[Opening PROVIDED DATA section]

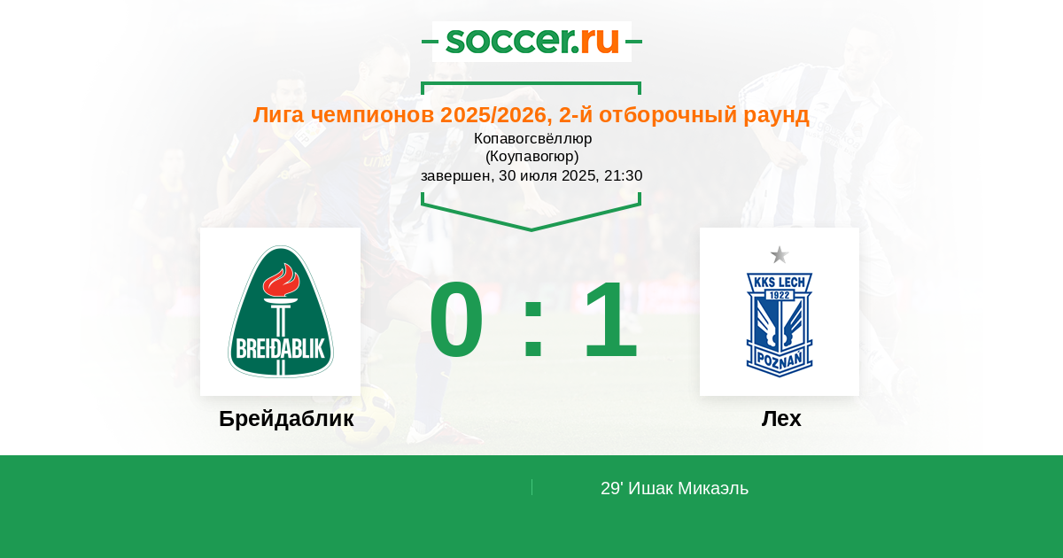 Брейдаблик - Лех: обзор матча 30 июля 2025
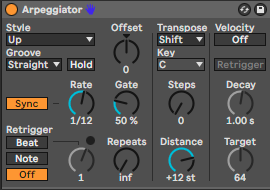 アルペジエイターはいろいろ遊べるMIDIエフェクトですけど、ドラム使ってもなかなか便利。
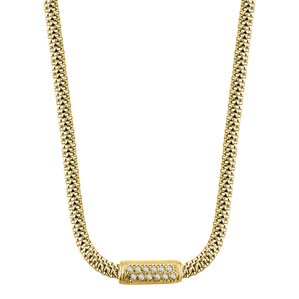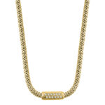 Pozłacany srebrny naszyjnik o splocie TUB z ozdobnym ogniwem wysadzanym cyrkoniami, wykonany z najwyższej jakości srebra próby 925 i pokryty warstwą złota 585, to elegancka biżuteria o nowoczesnym charakterze i luksusowym wykończeniu. Splot TUB o szerokości 3 mm tworzy zwartą, elastyczną strukturę, która efektownie układa się na dekolcie i dodaje stylizacji wyrazistości.
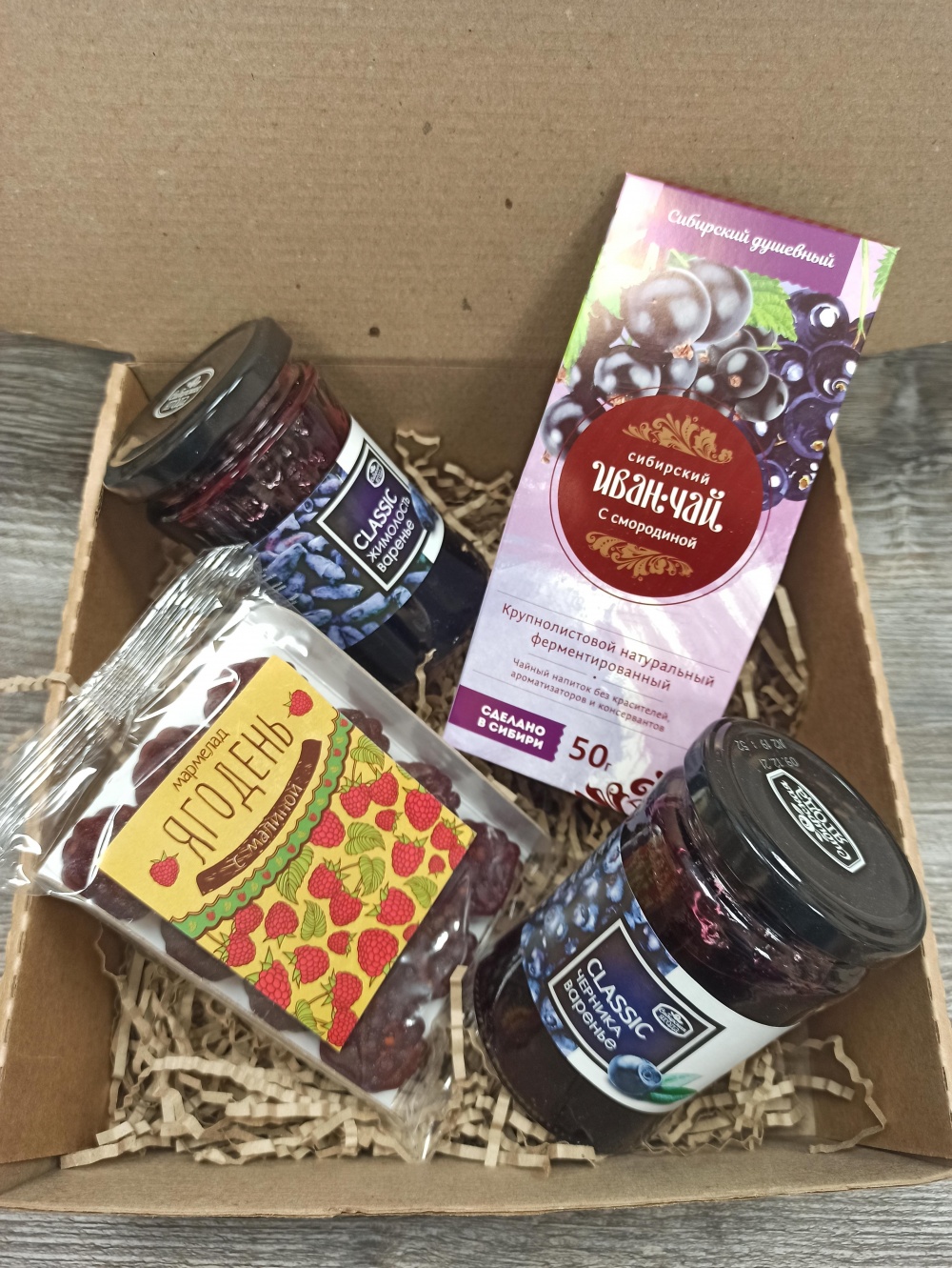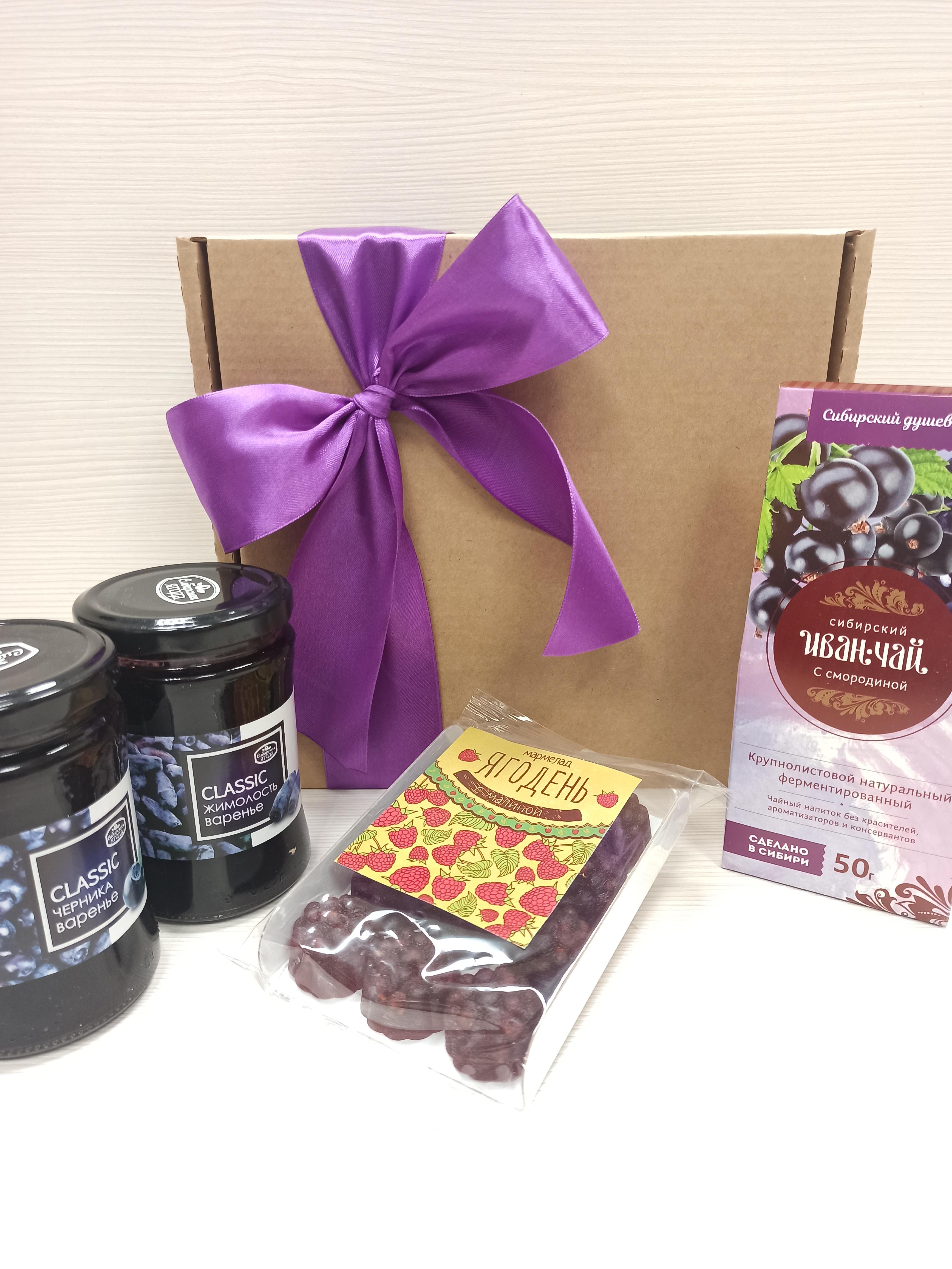 Наполнение: Варенье из жимолости 0,3, Варенье из черники 0,3, Мармелад ягодный ассорти на подложке 165 гр, Иван чай со смородиной 50 гр .

[Closing PROVIDED DATA section]

WHAT IS NEEDED:
Without the pictures, transcribe exactly the lines above from the one containing "Pozłacany srebrny naszyjnik" through the last.

RESULT BELOW:
 Pozłacany srebrny naszyjnik o splocie TUB z ozdobnym ogniwem wysadzanym cyrkoniami, wykonany z najwyższej jakości srebra próby 925 i pokryty warstwą złota 585, to elegancka biżuteria o nowoczesnym charakterze i luksusowym wykończeniu. Splot TUB o szerokości 3 mm tworzy zwartą, elastyczną strukturę, która efektownie układa się na dekolcie i dodaje stylizacji wyrazistości.
 Наполнение: Варенье из жимолости 0,3, Варенье из черники 0,3, Мармелад ягодный ассорти на подложке 165 гр, Иван чай со смородиной 50 гр .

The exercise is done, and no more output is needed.